● **INSTRUCTIONS TO FOLLOW**:
I would like the lines below, from the one with "Slika 42 a - h: Obhod picekov po Spuhlji." through the one with "PERSPECTIVE - BACK FACADE (SOUTH)", copied exactly and without any pictures.

[Records from a collection]
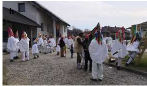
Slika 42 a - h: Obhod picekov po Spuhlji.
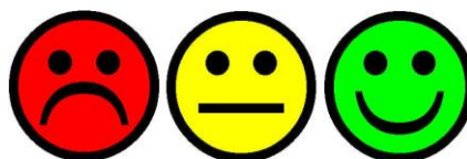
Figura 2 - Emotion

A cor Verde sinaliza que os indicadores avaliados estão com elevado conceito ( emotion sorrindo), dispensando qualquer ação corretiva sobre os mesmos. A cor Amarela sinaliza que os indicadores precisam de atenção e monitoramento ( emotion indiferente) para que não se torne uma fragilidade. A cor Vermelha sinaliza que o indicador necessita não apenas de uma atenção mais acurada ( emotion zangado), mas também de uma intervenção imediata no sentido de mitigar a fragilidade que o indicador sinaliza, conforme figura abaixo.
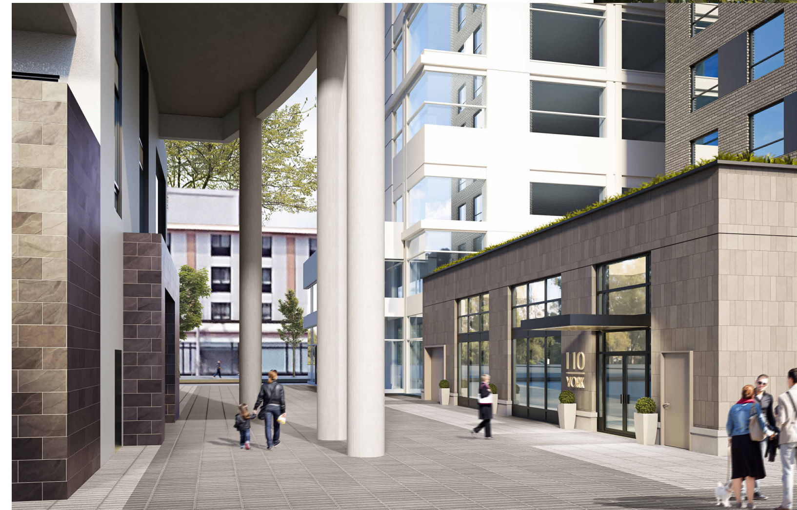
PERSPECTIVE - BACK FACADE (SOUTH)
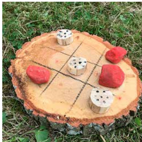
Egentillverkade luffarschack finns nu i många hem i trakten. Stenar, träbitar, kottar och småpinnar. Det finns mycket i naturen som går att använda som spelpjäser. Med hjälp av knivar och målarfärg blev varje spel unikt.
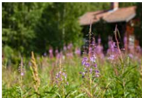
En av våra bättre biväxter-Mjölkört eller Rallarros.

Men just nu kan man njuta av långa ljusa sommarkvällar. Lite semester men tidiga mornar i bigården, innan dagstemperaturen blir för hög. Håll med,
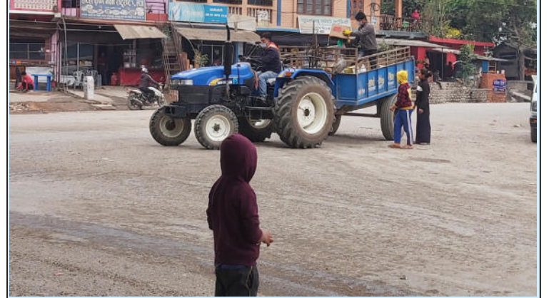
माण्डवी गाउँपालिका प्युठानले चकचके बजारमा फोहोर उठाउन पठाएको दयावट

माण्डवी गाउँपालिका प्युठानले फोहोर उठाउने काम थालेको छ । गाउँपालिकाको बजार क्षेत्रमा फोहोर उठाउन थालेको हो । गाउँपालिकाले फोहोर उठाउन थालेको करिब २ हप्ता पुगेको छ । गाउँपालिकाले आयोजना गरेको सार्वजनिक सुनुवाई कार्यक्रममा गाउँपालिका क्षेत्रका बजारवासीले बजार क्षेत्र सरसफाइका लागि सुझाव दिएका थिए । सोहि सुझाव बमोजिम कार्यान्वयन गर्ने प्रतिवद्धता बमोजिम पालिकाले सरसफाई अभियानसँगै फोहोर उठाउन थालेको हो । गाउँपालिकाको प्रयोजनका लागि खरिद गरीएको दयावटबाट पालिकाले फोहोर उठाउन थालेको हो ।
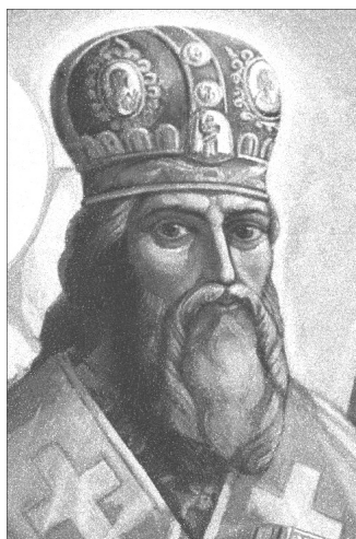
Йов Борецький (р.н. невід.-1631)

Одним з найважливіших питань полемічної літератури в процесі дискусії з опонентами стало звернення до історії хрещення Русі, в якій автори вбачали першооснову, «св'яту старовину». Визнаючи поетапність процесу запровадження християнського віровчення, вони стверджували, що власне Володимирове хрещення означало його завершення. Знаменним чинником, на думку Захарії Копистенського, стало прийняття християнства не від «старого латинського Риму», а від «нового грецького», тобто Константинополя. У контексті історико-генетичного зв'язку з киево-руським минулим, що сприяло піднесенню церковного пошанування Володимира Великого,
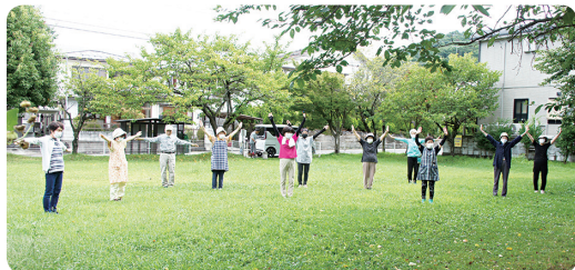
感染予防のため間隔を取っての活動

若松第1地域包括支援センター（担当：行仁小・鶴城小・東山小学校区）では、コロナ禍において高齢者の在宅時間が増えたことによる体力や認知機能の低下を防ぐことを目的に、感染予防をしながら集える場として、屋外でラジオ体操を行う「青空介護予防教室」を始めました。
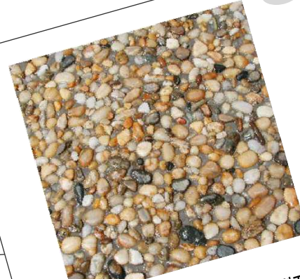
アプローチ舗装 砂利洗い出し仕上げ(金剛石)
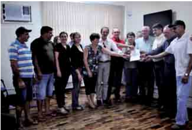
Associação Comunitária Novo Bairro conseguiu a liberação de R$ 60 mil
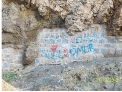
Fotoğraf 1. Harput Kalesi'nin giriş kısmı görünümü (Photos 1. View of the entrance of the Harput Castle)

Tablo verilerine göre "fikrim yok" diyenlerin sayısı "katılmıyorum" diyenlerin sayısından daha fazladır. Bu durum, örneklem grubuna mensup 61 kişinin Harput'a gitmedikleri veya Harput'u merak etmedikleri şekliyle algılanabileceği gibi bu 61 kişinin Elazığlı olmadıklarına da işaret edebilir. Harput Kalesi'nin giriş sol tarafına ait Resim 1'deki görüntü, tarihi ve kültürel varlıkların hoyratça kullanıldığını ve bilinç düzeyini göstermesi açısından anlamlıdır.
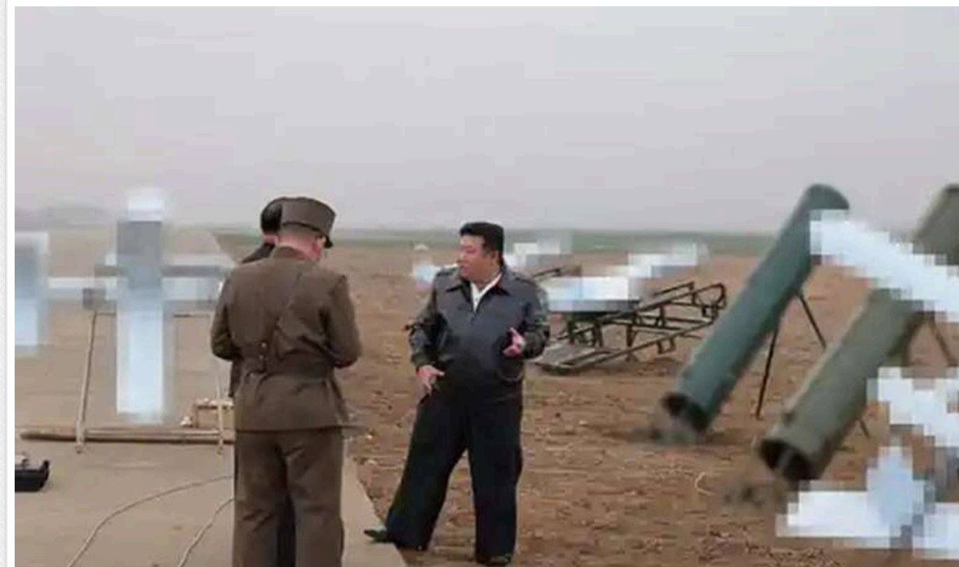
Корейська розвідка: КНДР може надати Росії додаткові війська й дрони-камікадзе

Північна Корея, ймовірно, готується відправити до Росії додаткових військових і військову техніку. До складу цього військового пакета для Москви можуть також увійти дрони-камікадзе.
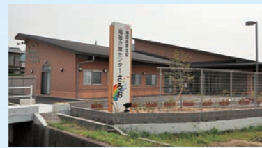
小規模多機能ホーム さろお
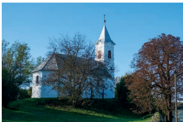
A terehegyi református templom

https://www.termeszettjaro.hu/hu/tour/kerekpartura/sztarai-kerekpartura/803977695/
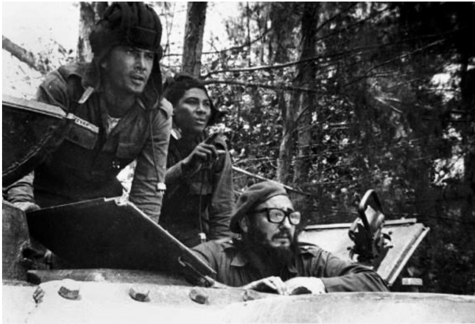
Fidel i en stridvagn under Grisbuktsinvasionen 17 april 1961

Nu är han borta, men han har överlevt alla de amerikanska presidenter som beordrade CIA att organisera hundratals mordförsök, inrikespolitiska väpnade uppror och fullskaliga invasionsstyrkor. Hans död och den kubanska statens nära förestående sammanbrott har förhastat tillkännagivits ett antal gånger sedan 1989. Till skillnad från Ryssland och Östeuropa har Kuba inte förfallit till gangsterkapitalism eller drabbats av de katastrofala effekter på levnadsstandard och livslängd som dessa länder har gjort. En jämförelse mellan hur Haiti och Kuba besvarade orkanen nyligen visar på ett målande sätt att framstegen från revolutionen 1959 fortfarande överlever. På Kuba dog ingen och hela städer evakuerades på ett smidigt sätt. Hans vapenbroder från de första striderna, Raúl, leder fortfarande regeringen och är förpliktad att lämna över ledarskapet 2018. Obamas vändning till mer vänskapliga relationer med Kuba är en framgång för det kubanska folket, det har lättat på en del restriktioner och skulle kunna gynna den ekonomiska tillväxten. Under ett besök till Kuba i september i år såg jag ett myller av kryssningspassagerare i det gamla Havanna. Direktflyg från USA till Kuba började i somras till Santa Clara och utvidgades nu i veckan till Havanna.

--

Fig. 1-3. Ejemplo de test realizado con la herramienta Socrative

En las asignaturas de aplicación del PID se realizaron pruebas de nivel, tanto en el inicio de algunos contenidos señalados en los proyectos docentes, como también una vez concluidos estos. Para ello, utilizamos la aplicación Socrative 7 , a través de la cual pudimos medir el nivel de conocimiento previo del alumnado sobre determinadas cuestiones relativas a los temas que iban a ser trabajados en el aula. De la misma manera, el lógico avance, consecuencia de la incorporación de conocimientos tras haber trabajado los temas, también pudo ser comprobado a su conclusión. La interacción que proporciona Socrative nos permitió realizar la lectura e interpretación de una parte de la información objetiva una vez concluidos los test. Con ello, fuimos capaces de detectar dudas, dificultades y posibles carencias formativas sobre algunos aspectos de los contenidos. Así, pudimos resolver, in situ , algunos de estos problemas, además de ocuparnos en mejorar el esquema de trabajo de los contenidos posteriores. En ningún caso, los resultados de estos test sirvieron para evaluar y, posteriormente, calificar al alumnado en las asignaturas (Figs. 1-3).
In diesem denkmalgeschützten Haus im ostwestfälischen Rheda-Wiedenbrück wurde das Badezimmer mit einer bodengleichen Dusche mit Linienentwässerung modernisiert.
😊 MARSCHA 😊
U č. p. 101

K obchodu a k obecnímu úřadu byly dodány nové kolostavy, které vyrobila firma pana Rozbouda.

● **RESULT FOR THIS EXERCISE**:
Slika 42 a - h: Obhod picekov po Spuhlji.
Figura 2 - Emotion

A cor Verde sinaliza que os indicadores avaliados estão com elevado conceito ( emotion sorrindo), dispensando qualquer ação corretiva sobre os mesmos. A cor Amarela sinaliza que os indicadores precisam de atenção e monitoramento ( emotion indiferente) para que não se torne uma fragilidade. A cor Vermelha sinaliza que o indicador necessita não apenas de uma atenção mais acurada ( emotion zangado), mas também de uma intervenção imediata no sentido de mitigar a fragilidade que o indicador sinaliza, conforme figura abaixo.
PERSPECTIVE - BACK FACADE (SOUTH)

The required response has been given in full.